DATASET CONTENT
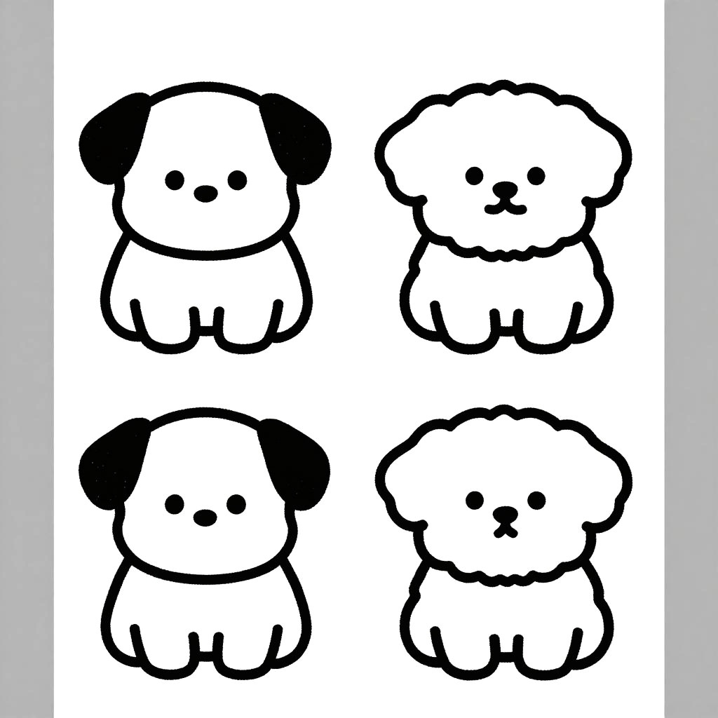 Black and white digital drawing of four cute, simple, cartoon-style dogs with round bodies, small ears, and minimalistic features.
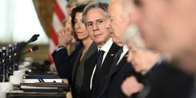 تداول نشطاء على مواقع التواصل الاجتماعي مقاطع فيديو تظهر ما وصفوه بـ”تعابير وجه” وزير الخارجية الأمريكي، أنتوني بلينكن خلال مؤتمر صحفي للرئيس الأمريكي، جو بايدن.
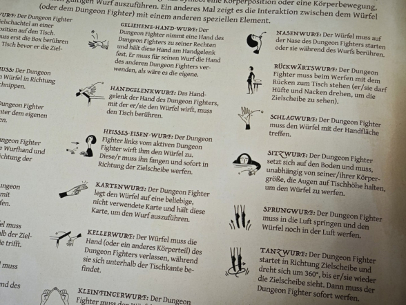 Nun geht es ans Eingemachte: Werft den Würfel auf die Zielscheibe, von einer beliebigen Position, aus einer beliebigen Distanz. Aber halt! Das ist nicht so trivial wie es sich anhört. Es gibt einige Regeln zu beachten. Wichtigste Grundregel: der Würfel muss mindestens einmal außerhalb der Zielscheibe aufkommen, bevor er die Zielscheibe berührt und (idealerweise) auf der Zielscheibe liegen bleibt. Es können gleichzeitig bis zu drei weitere Wurfanforderungen gelten. Die meisten Monster kommen mit Wurfanforderungen, einige Räume auf den Verlieskarten und jede Waffe, mit der sich Helden ausrüsten können, haben ebenfalls eine Anforderung. Mal muss man blind werfen, mal im Sprung, mal unter der Tischkante oder unters Bein hinweg. Insgesamt gibt es 26 verschiedene Wurfvoraussetzungen. Alle aktiven Anforderungen müssen kombiniert werden, um erfolgreich anzugreifen und den geworfenen Schaden auch zufügen zu dürfen. Das Verwenden einer Waffe im Übrigen ist immer optional. Erfüllt man die Wurfanforderung der Waffe, richtet man +2 Schaden an. Wurfanforderungen von Monstern und Verlieskarten müssen erfüllt werden. Würfel bleiben nach dem Wurf immer liegen, wo sie sind, und können bei späteren Würfen ein zusätzliches Hindernis darstellen.
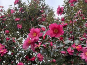 冬の駐輪場横を彩るサザンカの花
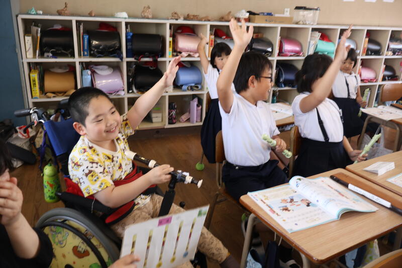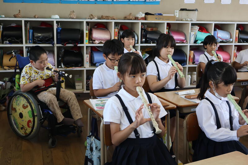 昨日、本校と松橋支援学校の3年生同士で交流授業を行いました。音楽の時間にリコーダーの練習を一緒に頑張りました。
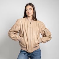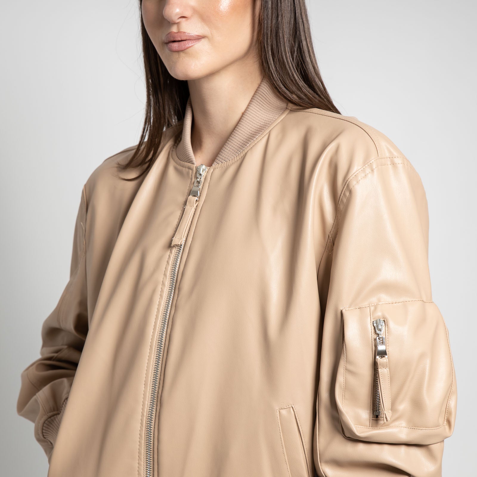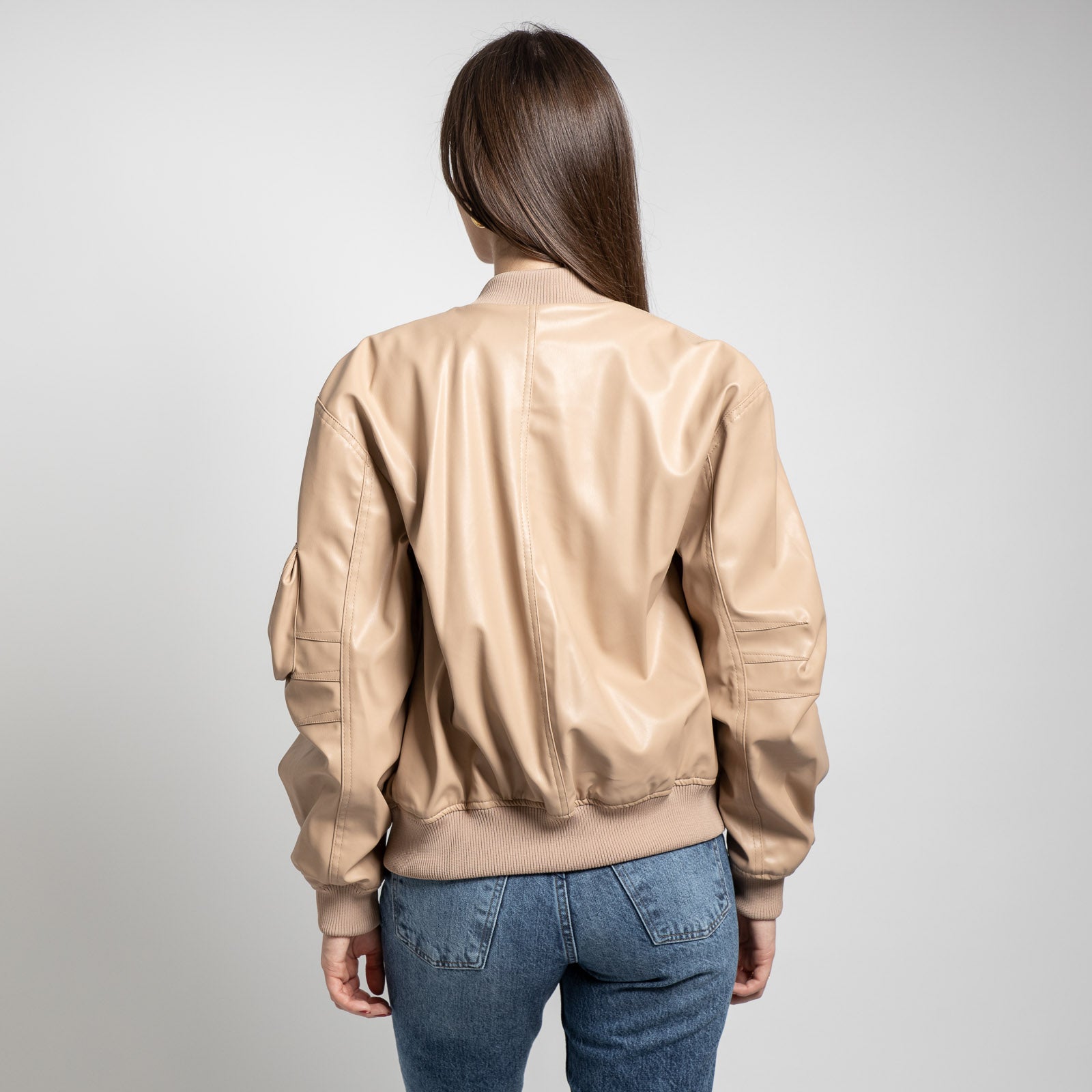 Απογείωσε το street style σου με το Bomber Δερμάτινο Μπουφάν Μπεζ!

WHAT YOU SHOULD DO
Beginning with the first line of the records, write out every line up to and including the one with "تداول نشطاء على", exactly, and omit all pictures.

ANSWER BOX
 Black and white digital drawing of four cute, simple, cartoon-style dogs with round bodies, small ears, and minimalistic features.
 تداول نشطاء على مواقع التواصل الاجتماعي مقاطع فيديو تظهر ما وصفوه بـ”تعابير وجه” وزير الخارجية الأمريكي، أنتوني بلينكن خلال مؤتمر صحفي للرئيس الأمريكي، جو بايدن.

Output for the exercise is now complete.